(Extracted records)

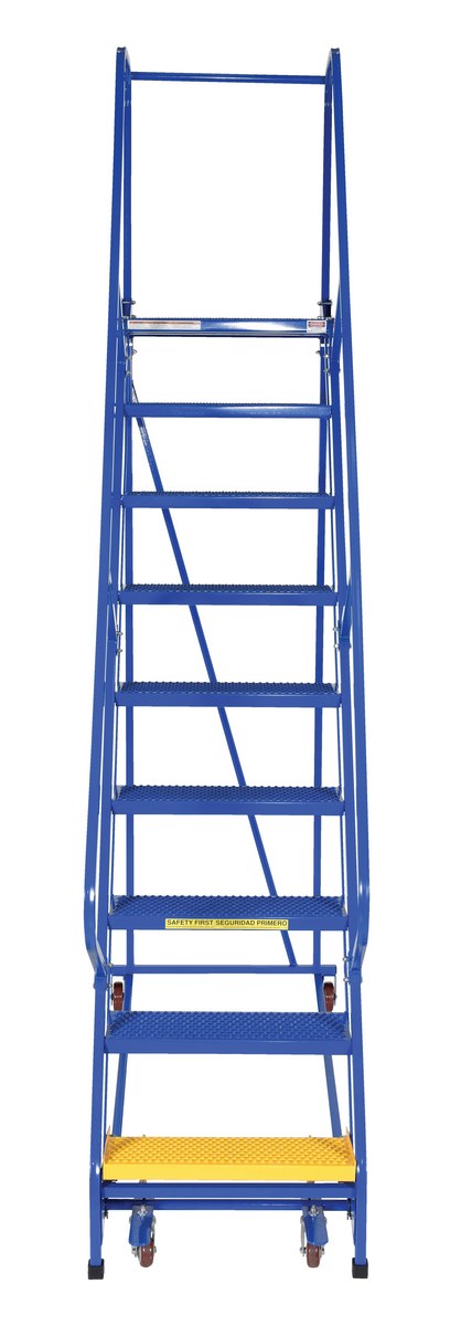 Steel Standard Slope Ladder 58 Degree 9 Perforated 23-9/16 In. Step 350 Lb. Capacity BlueThe standard slope ladder is a portable warehouse ladder for every-day use applications. Perforated steps, handrail included, welded square tubular steel construction with powder-coat blue finish. Rubber feet provided for floor protection. Unit has bottom step lock casters for safe use when climbing.
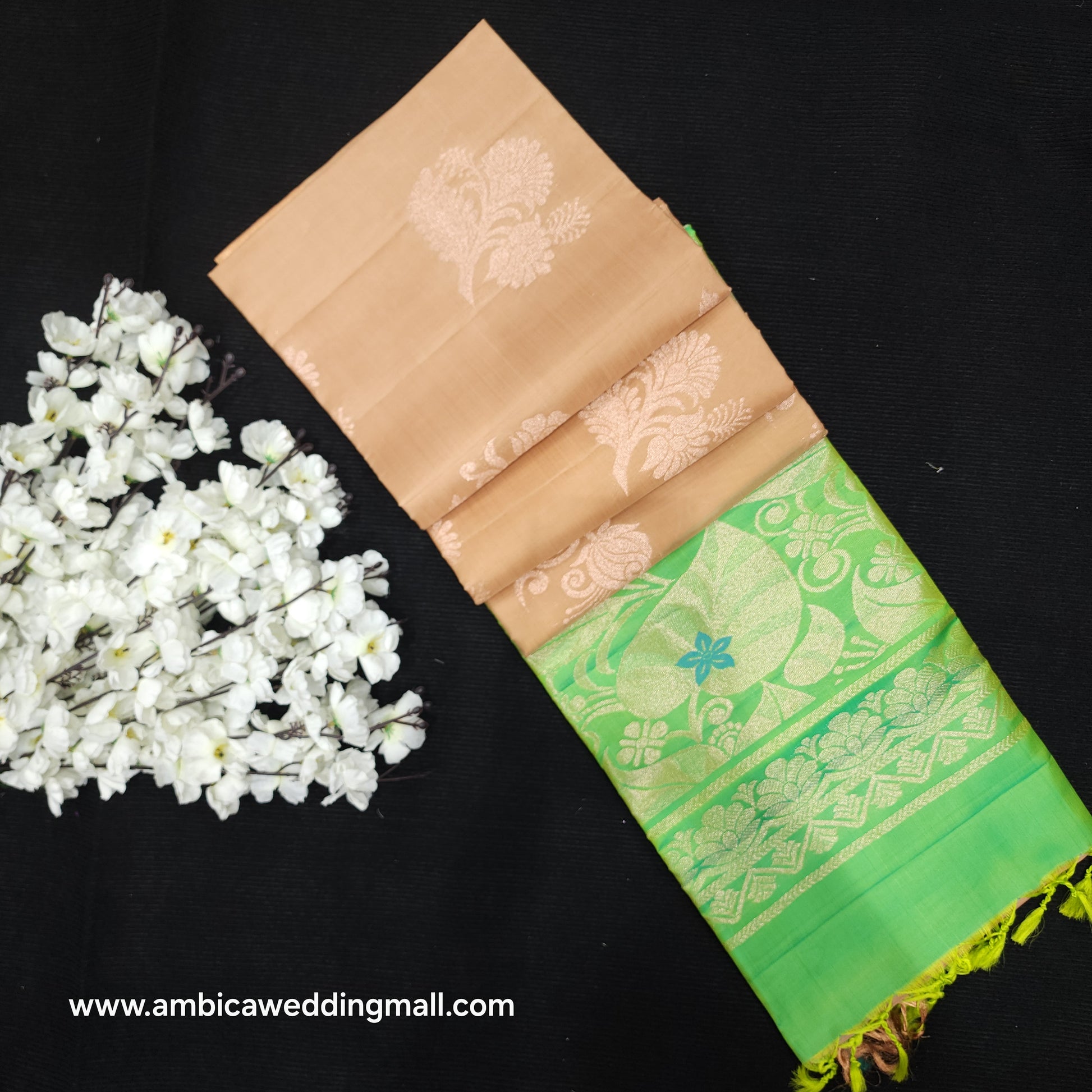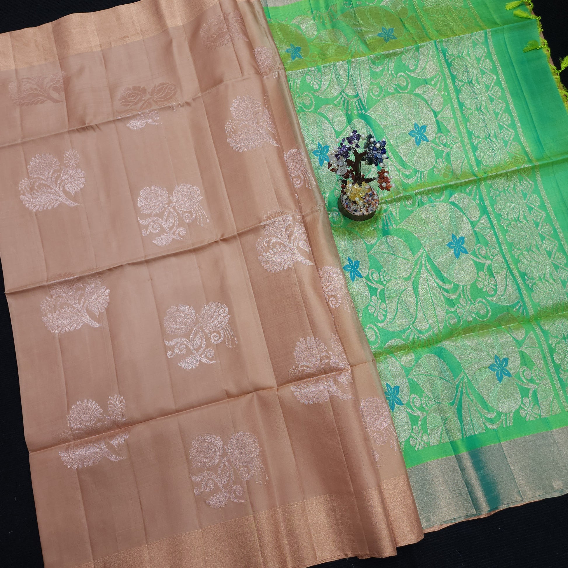 Kanchi Pattu Handloom Butta SareeThis traditional Kanchi Pattu Handloom Butta Saree is meticulously woven with intricate designs and patterns. Made from high-quality silk, it offers unmatched comfort and elegance. Perfect for any special occasion, this saree is a timeless addition to any wardrobe.
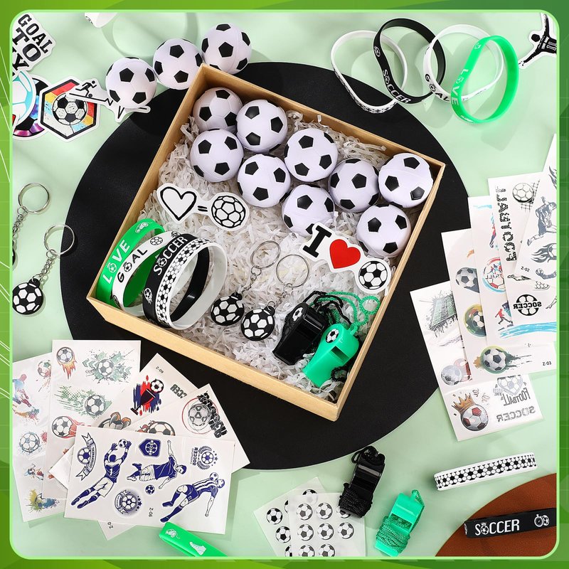 - Soccer Party Favors: there are a total of 108 pieces of soccer party supplies, including 10 sheets of soccer temporary tattoos, 50 adhesive soccer stickers, 12 mini soccer toy, 12 soccer silicone bracelets, 12 whistles, 12 soccer keychains, different items with adequate quantity to satisfy your diverse and soccer party using, decorating and sharing needs
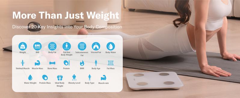 Smart 7-color Bluetooth body fat scale, one-click measurement of BMI and body fat
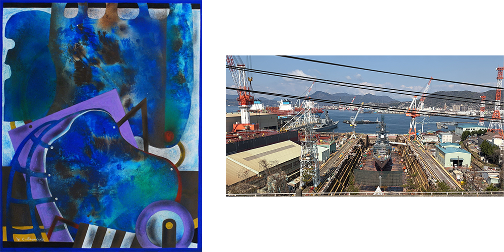 (右)ジャパン マリンユナイテッド株式会社・呉事業所(旧呉海軍工廠造船部造船船渠)。撮影:筆者
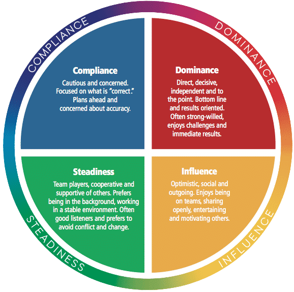 De manière concrète, le DISC est un questionnaire composé de vingt-cinq items. L’objectif est de déterminer le profil des personnes évaluées selon quatre dimensions : Dominance (D), Influence (I), Stabilité (S) et Conformité (C).
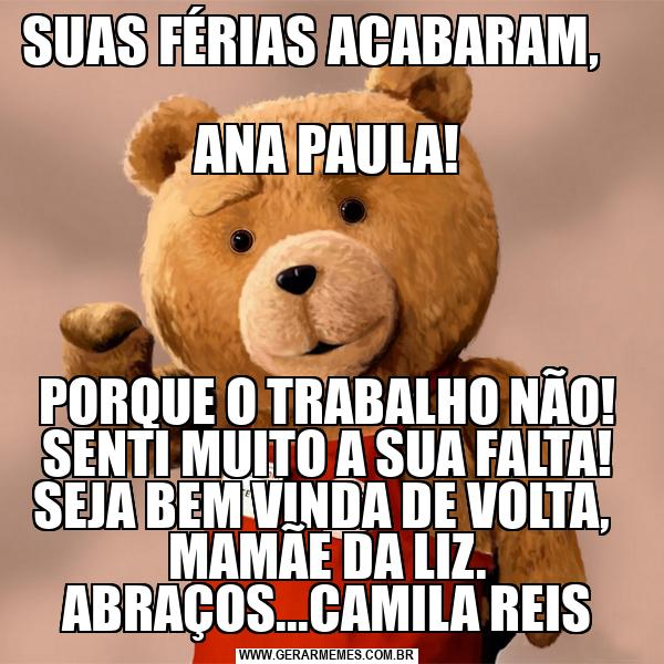 SUAS FÉRIAS ACABARAM, ANA PAULA! PORQUE O TRABALHO NÃO! SENTI MUITO A SUA FALTA! SEJA BEM VINDA DE VOLTA, MAMÃE DA LIZ. ABRAÇOS...CAMILA REIS
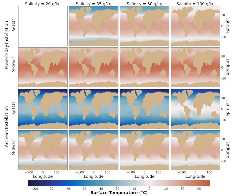 The researchers also determined how salinity and ice cover affected surface temperatures. On Earth, the average surface temperature rose from 8 Celsius to 14 C as salinity increased from 35 to 100 grams/kg. M-dwarf planets didn't show a similar rise in surface temperature.
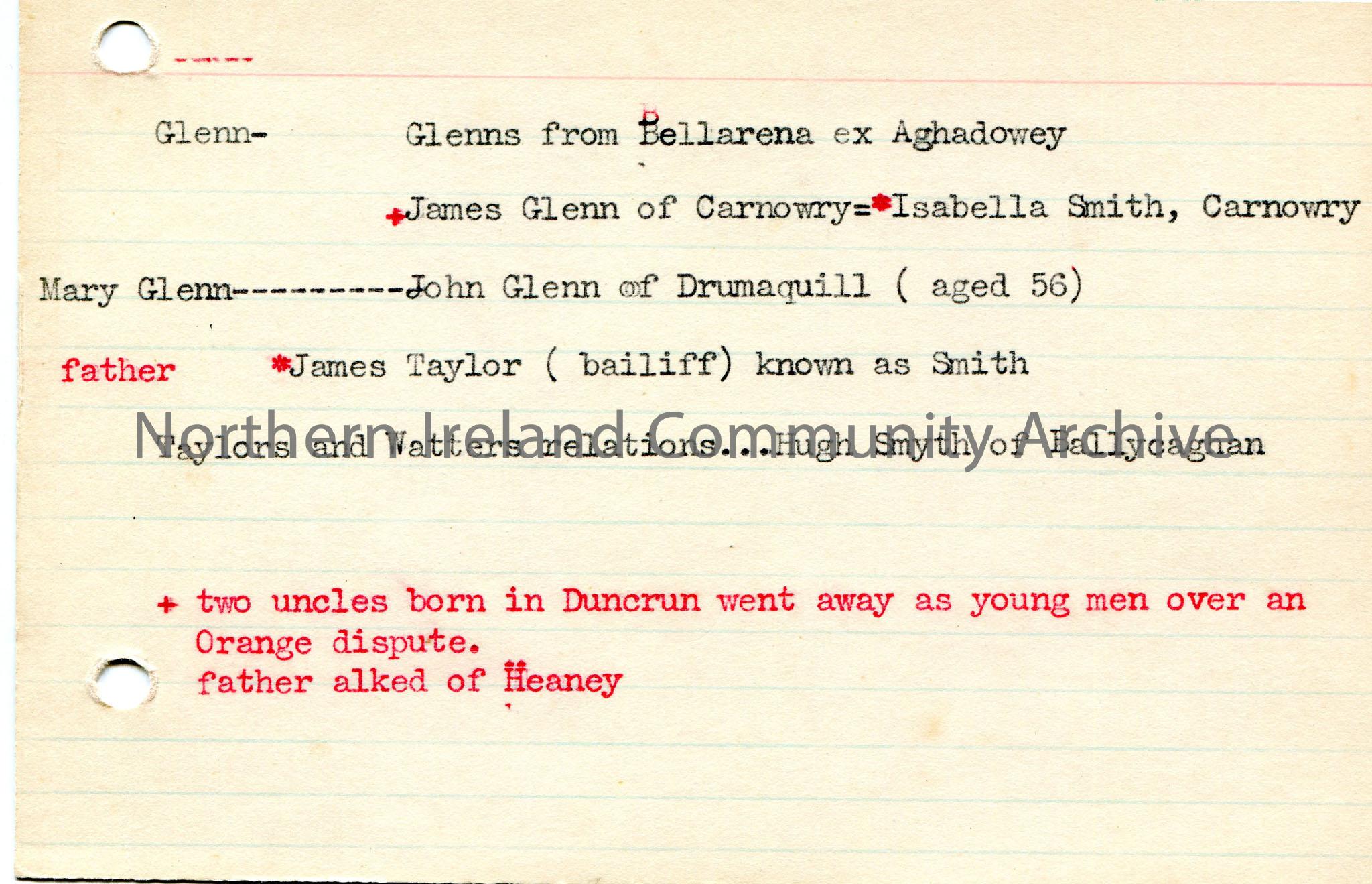 Typed notes on lined card re surname Glenn. Genealogical research. Mentions Glenns from Bellarena, James, Mary and John Glen.
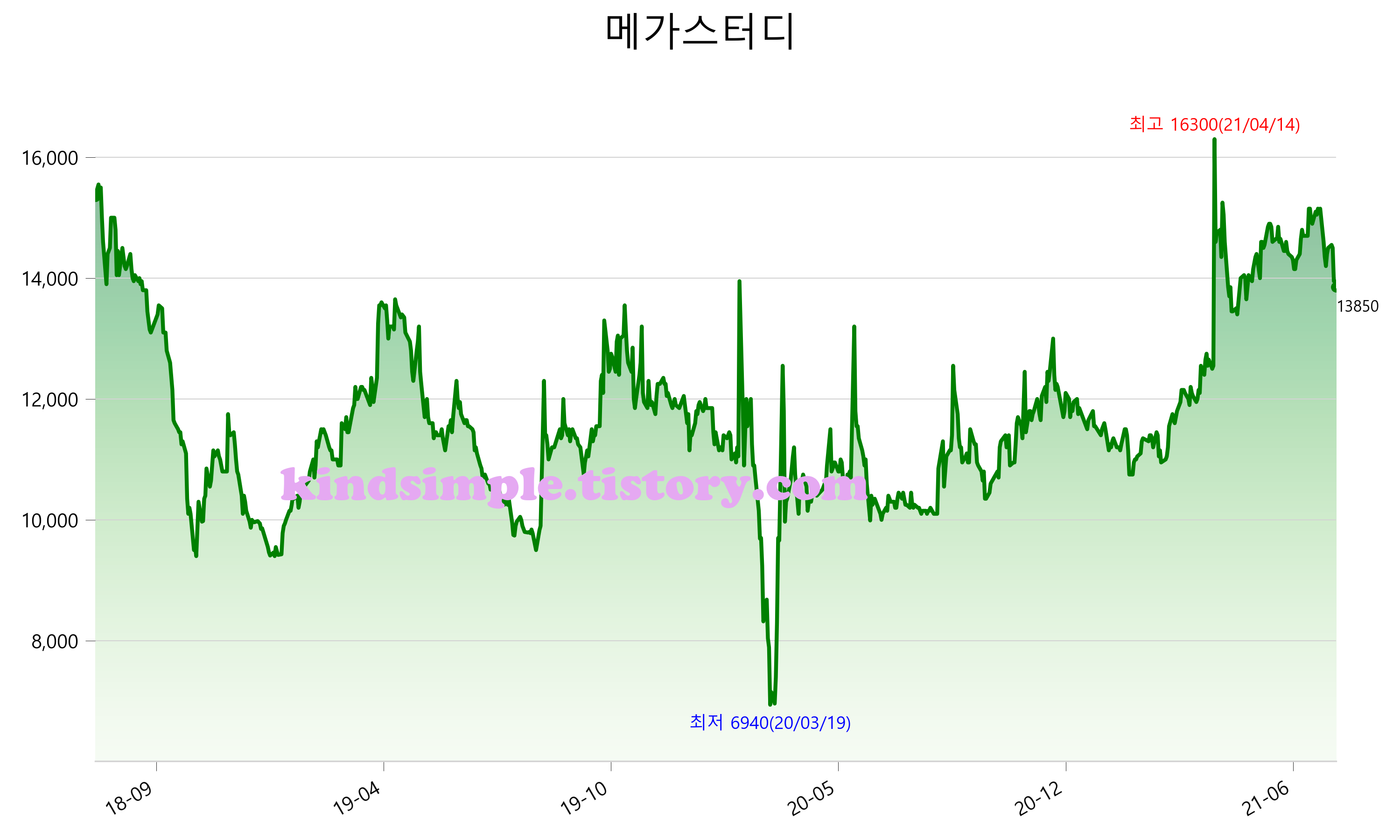 8월 1일 기준 주가는 13,850원 입니다. 아래는 최근 3년간의 주가흐름입니다.
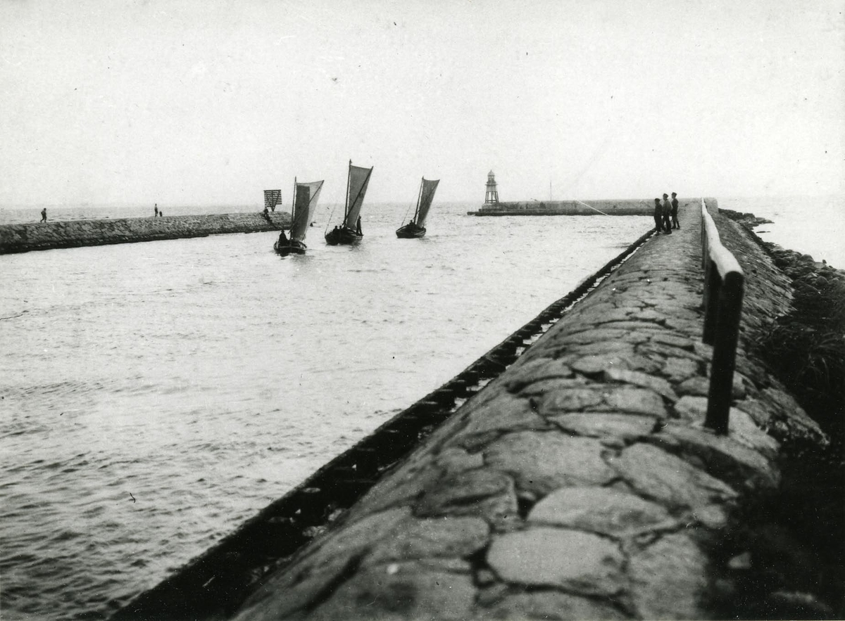 Inseglingar till Råå hamn 1902. Tre spririggade fiskebåtar i kanalen.
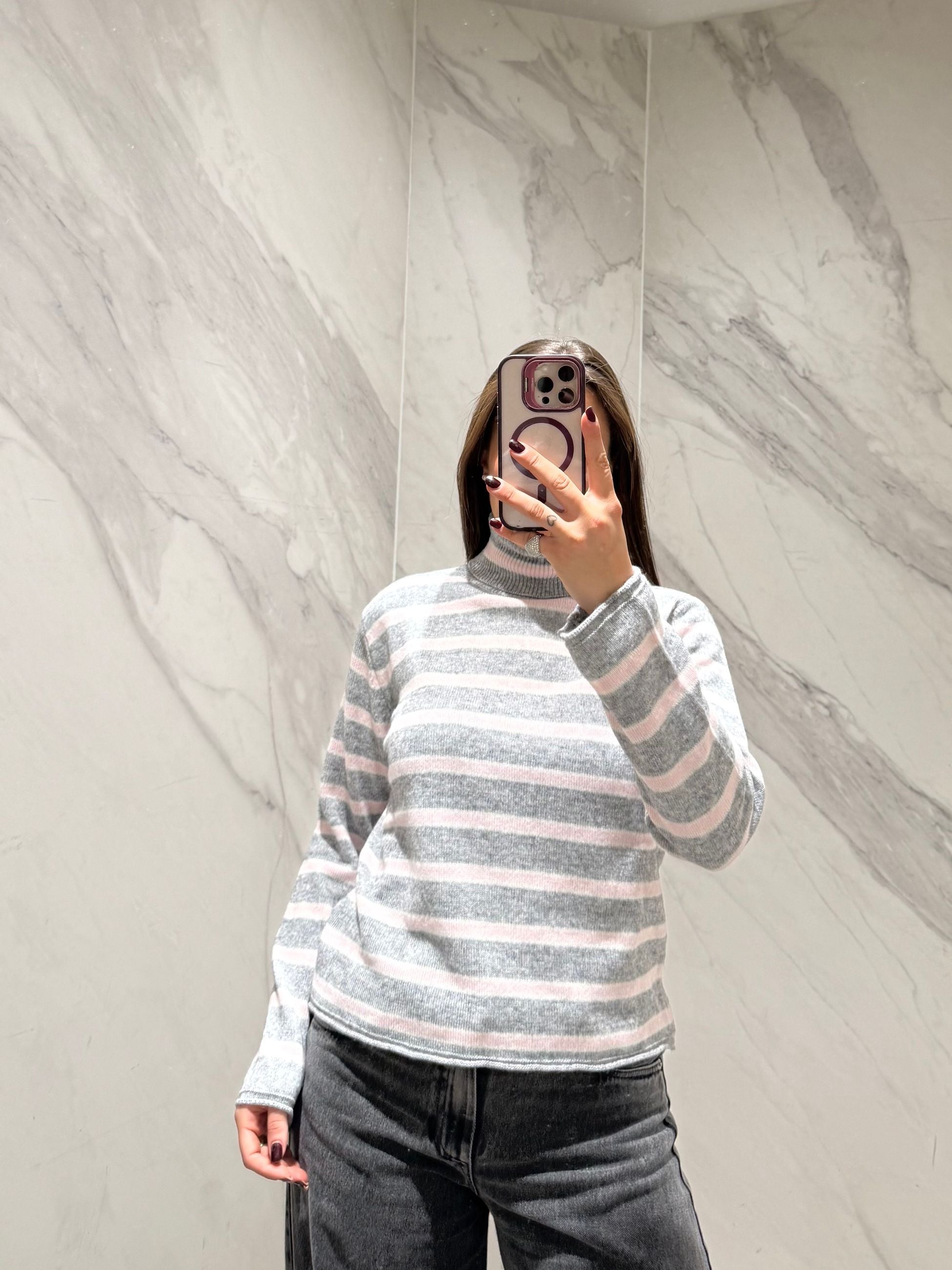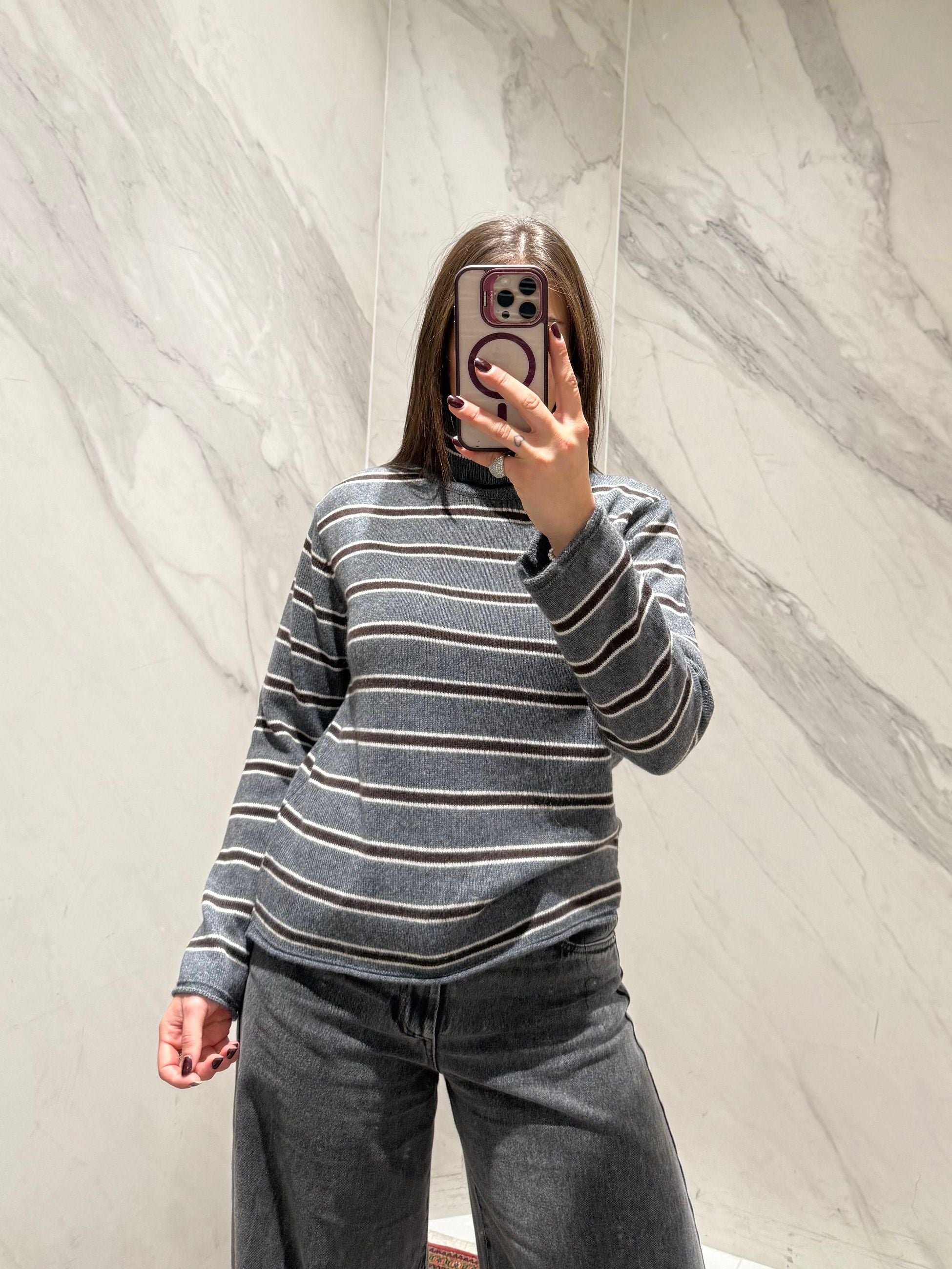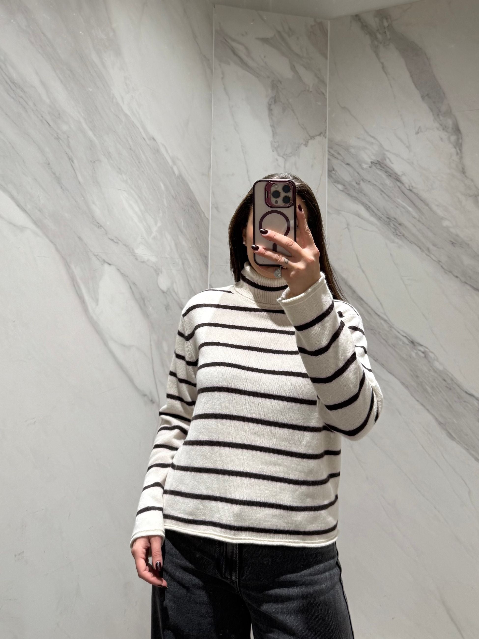 Maglionciono righe dolcevita, modello scatoletta

Exercise requirements » In the entries above, find the line containing "De manière concrète, le", then please retype it and every line after it through the last, exactly as written, omitting pictures.

Solution to the problem »
 De manière concrète, le DISC est un questionnaire composé de vingt-cinq items. L’objectif est de déterminer le profil des personnes évaluées selon quatre dimensions : Dominance (D), Influence (I), Stabilité (S) et Conformité (C).
 SUAS FÉRIAS ACABARAM, ANA PAULA! PORQUE O TRABALHO NÃO! SENTI MUITO A SUA FALTA! SEJA BEM VINDA DE VOLTA, MAMÃE DA LIZ. ABRAÇOS...CAMILA REIS
 The researchers also determined how salinity and ice cover affected surface temperatures. On Earth, the average surface temperature rose from 8 Celsius to 14 C as salinity increased from 35 to 100 grams/kg. M-dwarf planets didn't show a similar rise in surface temperature.
 Typed notes on lined card re surname Glenn. Genealogical research. Mentions Glenns from Bellarena, James, Mary and John Glen.
 8월 1일 기준 주가는 13,850원 입니다. 아래는 최근 3년간의 주가흐름입니다.
 Inseglingar till Råå hamn 1902. Tre spririggade fiskebåtar i kanalen.
 Maglionciono righe dolcevita, modello scatoletta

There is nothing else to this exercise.